Токико взглянула на него так, словно он выжил из ума.
— Все может быть! Сейчас, во дни разгула демонов и злых духов, дворец никем не уберегается. Никто не дает государю целебного подношения, чтобы поддерживать его в добром здравии. А он, в свою очередь, не исполняет обряд Поклонения перед священным зерцалом для поддержания лада в стране.
— Это все объяснимо.
— Да, так говорят. Однако не время еще упиваться победой. Предводитель Минамото и его сыновья пока не найдены. Мудрому воину подобает не терять бдительности, оставаться настороже.
Киёмори вздохнул:
— Все идет своим чередом. Чем плохо время от времени делать привал и радоваться жизни?
Токико отвернулась.
— Мой отец считал тебя человеком большой прозорливости. Жаль, что и он порой ошибался в своем выборе.

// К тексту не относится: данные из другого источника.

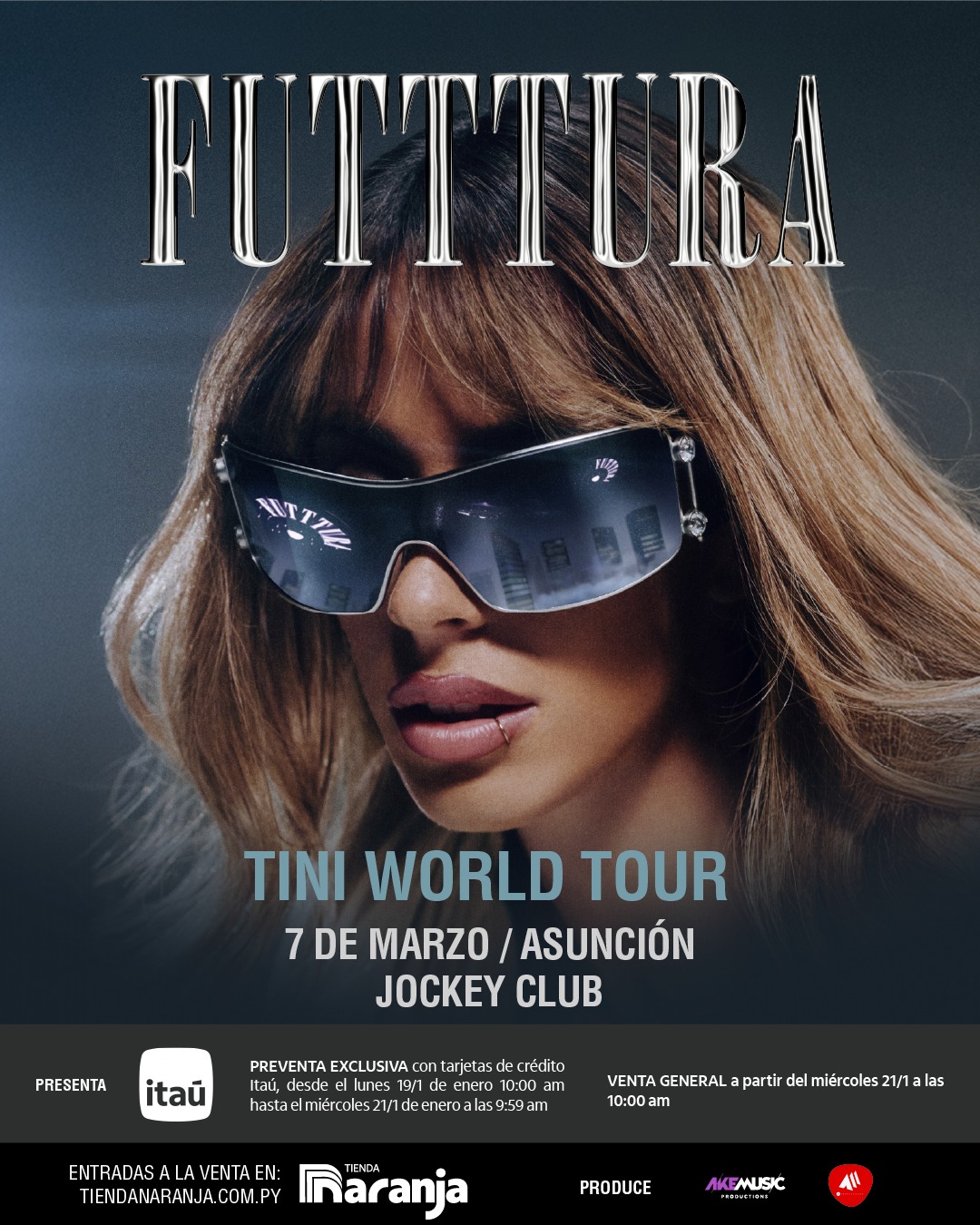 La superestrella argentina, TINI, presentará en el Jockey Club de Asunción, FUTTTURA: una experiencia única que promete ser una celebración vibrante y emotiva de su exitosa carrera.Desde sus inicios en la icónica serie «Violetta», TINI ha cautivado a millones con su talento y carisma, convirtiéndose en un ícono pop global.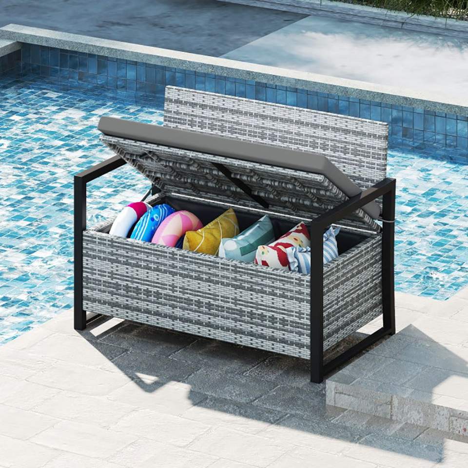 Panca da Esterno in Vimini con Vano Contenitore Integrato per Patio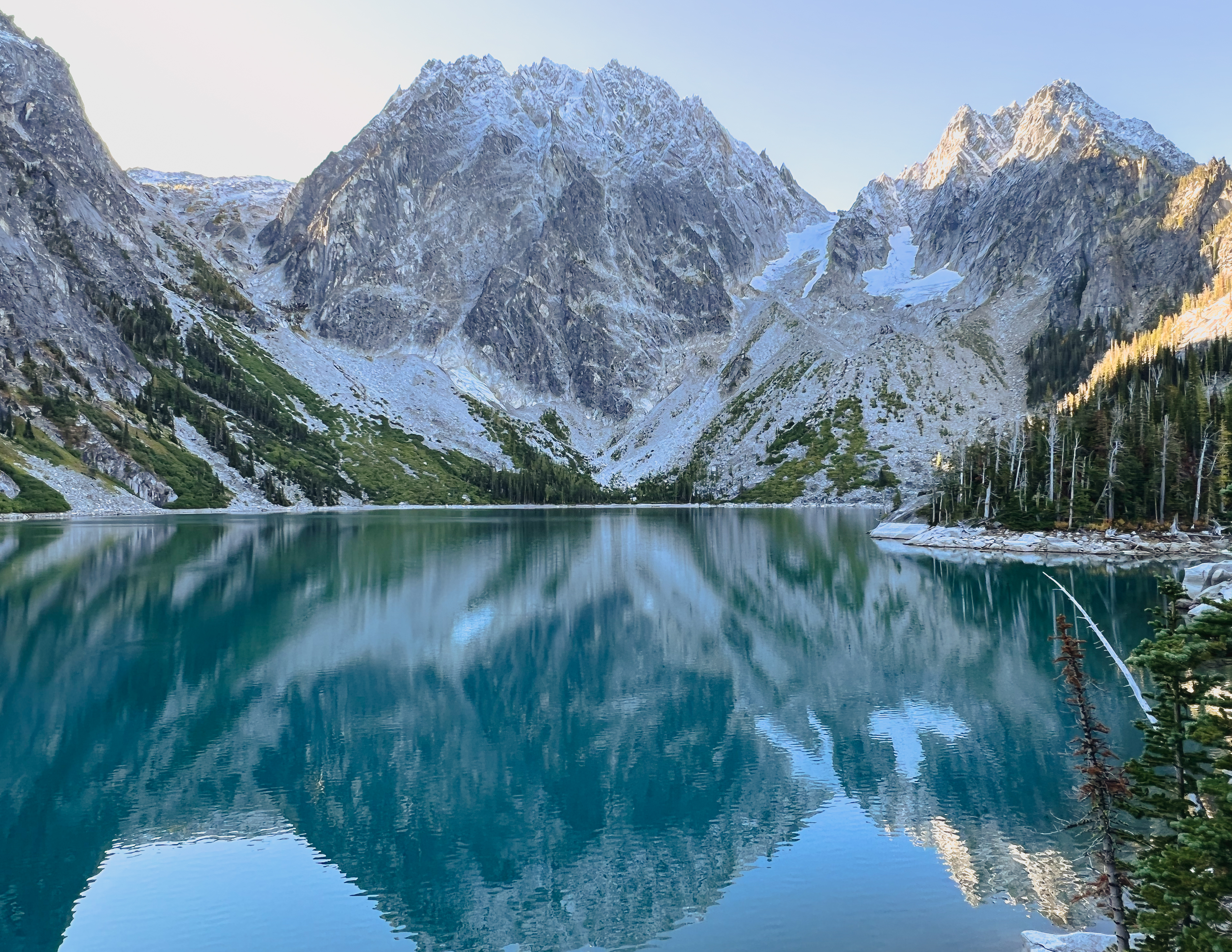 There are quite a few campsites around the lake for those backpackers carrying a camping permit for Colchuck lake.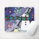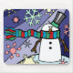 Snowman art featuring a winter scene with a snowman whose scarf is blowing in a blizzard, and large, colourful snowflakes.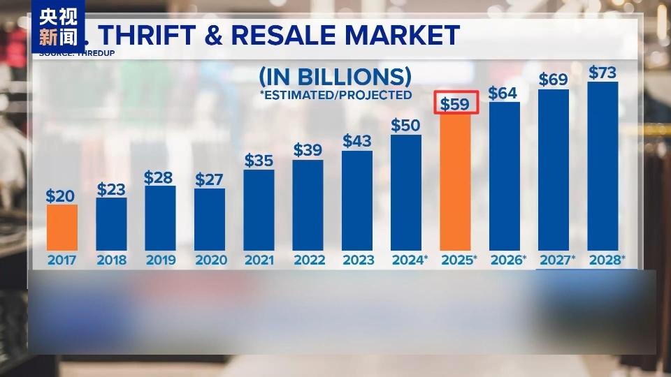 美国二手商品交易在线平台思雷达普公司的数据显示,2017年美国二手交易市场的价值只有200亿美元。根据该公司的预测,受关税政策影响,2025年二手交易市场价值将升至590亿美元,此后也将一路飙升,照此发展2028年的价值将达到730亿美元。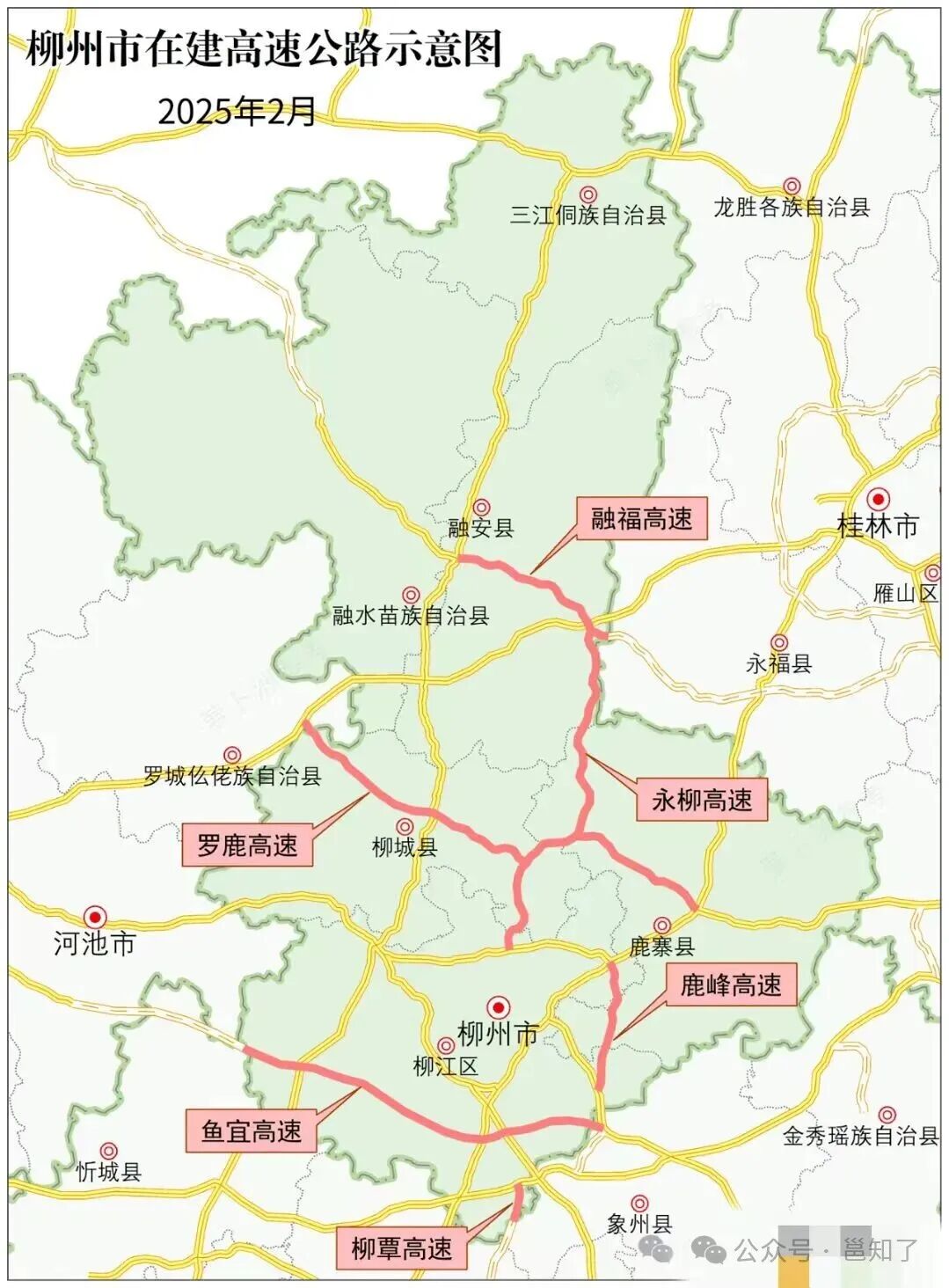 柳州目前在建高速超6条,超300公里,譬如鹿峰高速、鱼宜高速、永柳高速、罗鹿高速、融福高速、柳覃高速。

Киёмори почувствовал, как закипает от гнева.
— Если я тебя так разочаровал, что же ты не уходишь? Возвратилась бы в море, в царство отца, откуда ты родом!
Токико холодно посмотрела на него:
— Не могу. Я дала обет спасти вас, жалких смертных, от злого рока. Хотя мне уже думается, что все усилия пропадут втуне.
— Значит, твоему отцу стоило послать сына-героя, что возглавил бы нас, вместо женщины, способной уязвлять лишь словами.
— У него нет сыновей, — процедила Токико. — Только дочери. Быть может, он надеялся, что мое лоно подарит тебе героя, которого ты ищешь.
Киёмори оглянулся на сыновей.
— Сигэмори?
— Может быть. Или внука, которому лишь предстоит родиться. Кто знает? Услышь же меня, муж: не время отбрасывать заботы. Битва окончена, но не война. Взываю к тебе еще раз: будь бдителен!
Киёмори встал — его терпение иссякало.
— Поверь, жена, я не забыл твоих предостережений. Они со мной день и ночь, но твоя привычка выискивать трещины в серебряном зеркале невыносима. Мы победили, император невредим, дому Тайра улыбается удача. Твой отец и все ками хранят нас. Отныне нам незачем вскакивать при каждой трели сверчка или думать, что град по крыше может быть градом стрел. Успокойся, жена, и дай мне немного покоя.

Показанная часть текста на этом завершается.